The heat wave coincided with the Toronto Star promoting its Fresh Air Fund, with the paper juxtaposing the cooling options of those with money against those without: “When it is hot like to-day you can attempt to make life more bearable with cool food and cooling drinks. With an electric fan and refrigerator. You can bathe. You can drive to the lakeside. At least you live in a clean, fresh-smelling house… The Star visited one of these prison-like streets of the poor. Children swarmed everywhere; some on the street, which wasn’t more than a dirty alley. Some listlessly lay on doorsteps or crouched on the curb. Babies howled in the sweating arms of tired-out mothers.”
After several days in Toronto the persistent heat began causing deaths. City morgue staff were forced to work additional hours, and additional gravediggers were hired at Mount Pleasant Cemetery where twenty burials alone took place on July 13. Numerous cemeteries reported a burial rate triple the usual numbers, with casket-makers forced to work into the night to meet demand. Additional hearses had to be brought into the city, and florists reported record sales in connection to the increase in funerals. Instances were also reported of animals dying from the heat including household pets, horses, as well as robins and sparrows.
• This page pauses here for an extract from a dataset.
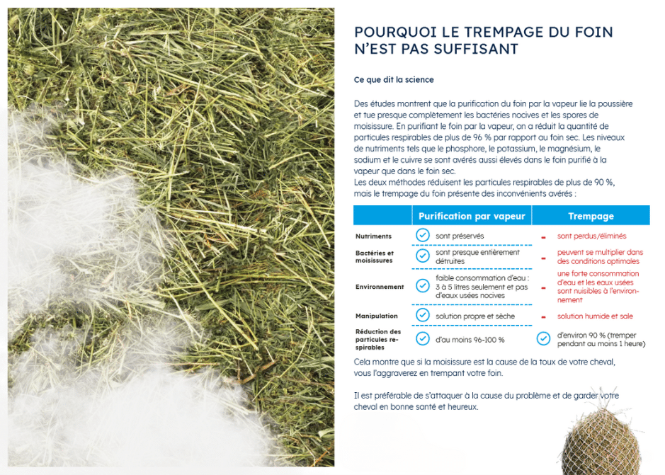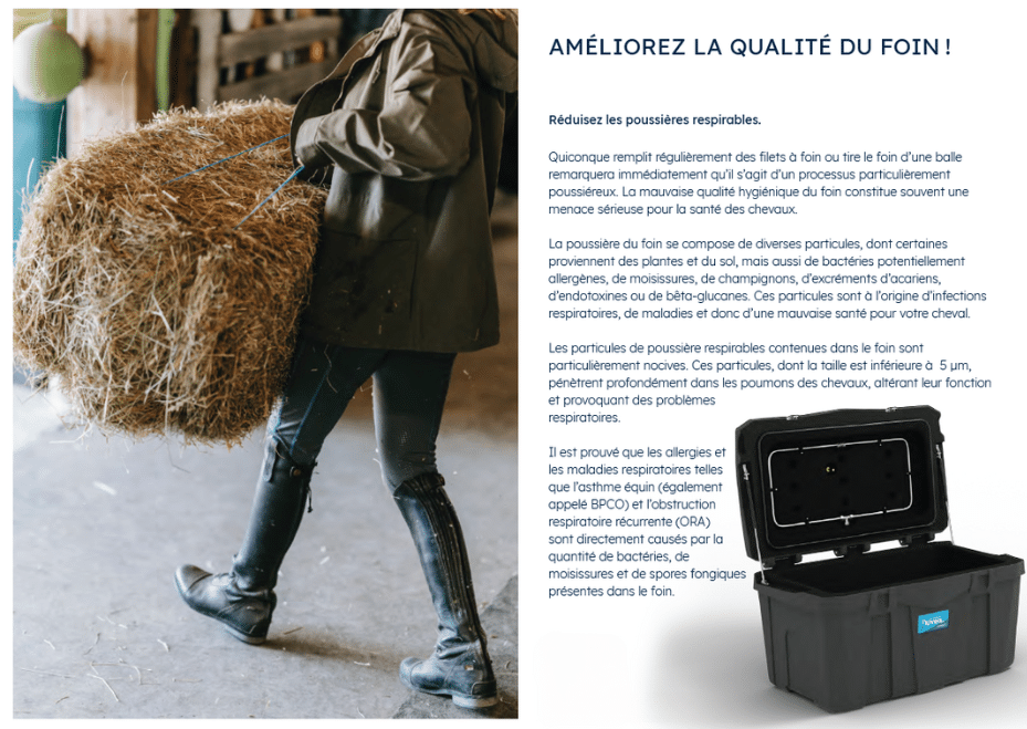 Le purificateur de foin représente la seule méthode validée scientifiquement pour purifier le foin. En améliorant la qualité du fourrage, il réduit les risques sanitaires liés à l’inhalation de poussières, spores, moisissures et agents pathogènes. Offrez à vos chevaux un fourrage appétent et nutritif grâce à cette innovation.

Bell Telephone reported a new high in long-distance calls, likely a result of concern for loved ones as death tolls rose across most of North America.
On the night of July 13, the midday temperature of 95.7°F rose to 100° F (37.7° C) by 7:00pm, and a new record high “low” was set of 80°F (26.7°C). Soon afterwards, however, temperatures slowly began to lower and the heat wave began to abate, with the high on the 15th as low as 90°F (32°C), with forecasts for temperatures in the 80s the rest of the week. The high temperatures persisted in other parts of Ontario for several more days, and water use remained restricted in Toronto as the city struggled with low reserves until rains arrived a few days later to replenish the supply.
By July 16th the newspapers declared Toronto’s experience with the heat wave to be over. The reported death toll was 225, the biggest spike in the city’s death rate since the 1918 flu pandemic. It should be noted that this number reflects only the deaths which were directly attributed to the heat, as many physicians would only note the immediate cause of death on the death certificate. July of 1936 also saw many drownings in Toronto, and some newspapers chose to include these deaths in their daily heat wave death toll announcements. The figure would be much higher if one were to include deaths for areas not yet a part of City of Toronto, as numerous deaths were also reported in York Township, Scarborough, and other suburban areas.
The 1936 heat wave is still considered to be the worst heat wave in Canadian history, reportedly killing 1,180 people across Canada. While the heat wave in July of 2011 broke daily records in Toronto, the highs were several degrees lower than the temperatures reported in 1936. While air conditioning is more common now both in homes and in public buildings, today’s Toronto also has a Hot Weather Response Plan[pdf] which features many components, including official city Cooling Centres. While contemporary heat waves can still disrupt Toronto life and cause deaths, it is unlikely that a heat wave of similar severity would cause the same mortality statistics today.